Public Owners. Public owners live in government-built ownership units without leasing or resale rights. They accounted for 17.7% of Hong Kong’s population in 2006. A large majority of public owners live in Home Ownership Scheme (HOS) units. The HOS units are typically 500-700 square feet and their selling prices are typically discounted by 35% to 50% from market valuations. They are rationed to eligible buyers using a lottery mechanism. Another subset of public owners lives in Tenant Purchase Scheme (TPS) units – formerly PRH units that were offered to existing tenants at a deep discount between 1998 and 2006.
To earn the right to resell or rent out their units, all public owners are required to reimburse the initial discount at current market rates. We classify TPS and HOS owners as private owners rather than public owners after they repay this discount. Given the hefty financial obligation, repayment is rare. As of 2023, the majority of these owners—more than 77% of HOS owners and 98% of TPS owners—have chosen not to reimburse that discount. Most HOS and TPS owners therefore cannot easily lease or resell their units.

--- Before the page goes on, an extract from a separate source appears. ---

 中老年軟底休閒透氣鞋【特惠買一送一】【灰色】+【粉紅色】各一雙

Private Owners. Private owners live in units that they can freely sell or lease out. As of 2006, private renters accounted for 35.5% of the population.
Private Renters. Private renters are a small fraction of Hong Kong’s population. These households rent from private-sector owners. As of 2006, private renters accounted for only 10.3% of the population.

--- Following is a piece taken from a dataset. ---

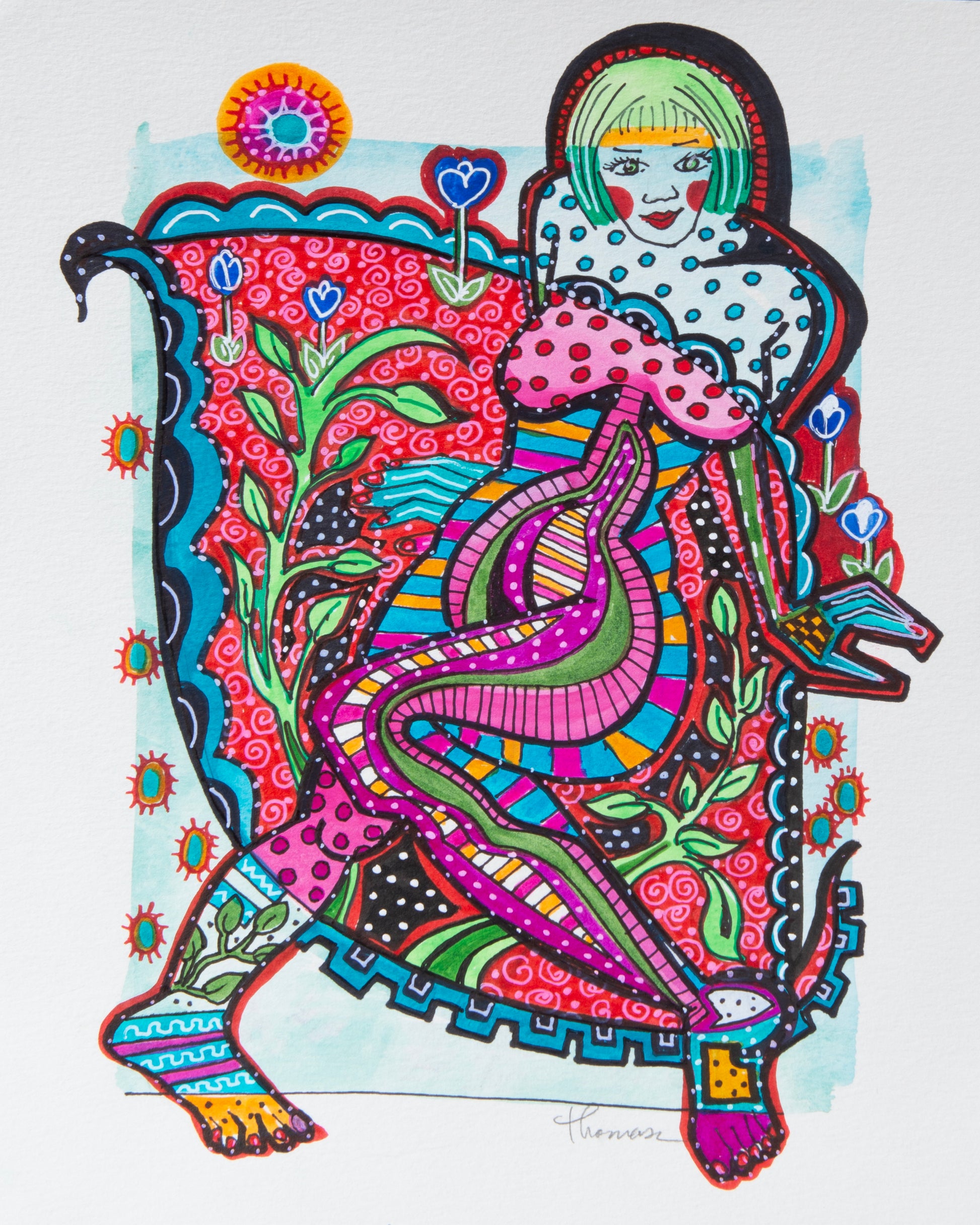 Bursts of color and dense patterns converge in this bold, dreamlike figure—half-human, half-symbol, caught in the tension between vitality and restraint. In Living in a Fasting World, the artist uses watercolor and ink to create a swirling, almost psychedelic tapestry of form and emotion. The female figure, wrapped in lush flora and surreal anatomy, gazes outward with quiet confidence. Her segmented body suggests fragmentation—perhaps a commentary on identity, consumption, and bodily autonomy in a world of imposed control.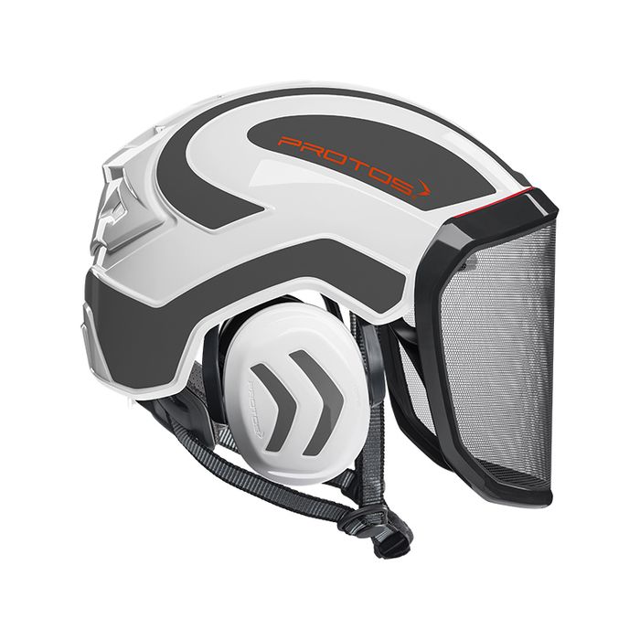 The perfect fit and optimum hold of the PROTOS® Integral Arborist make it perfect for work at height, where face protection is indispensable. The hearing and face protection are integrated into the shell of the head protection and thereby prevent snagging on branches and protruding parts.

Population trends. Between 1997 and 2019, Hong Kong’s population grew slowly but steadily. Immigration from Mainland China was highly restricted, in part to stabilize political sentiments after Hong Kong’s sovereignty was transferred from Britain to China. Population growth averaged 0.6% per year during 1997-2019. It turned negative after 2019 in the wake of political unrest and the Covid-19 pandemic.
2.3 Data
We use data from five waves of the Hong Kong Census/By-Census, covering the years 2001 to 2021. Each wave collects a 5 percent sample of the total population every five years. The Hong Kong census data is the most appropriate resource for our research for two reasons. First, it is the largest micro-level dataset available in Hong Kong, offering comprehensive demographic and income information at both household and individual levels. Second, it includes detailed data on housing tenure types, which allows us to measure income and housing expenditures across different housing tenure groups and assess housing affordability.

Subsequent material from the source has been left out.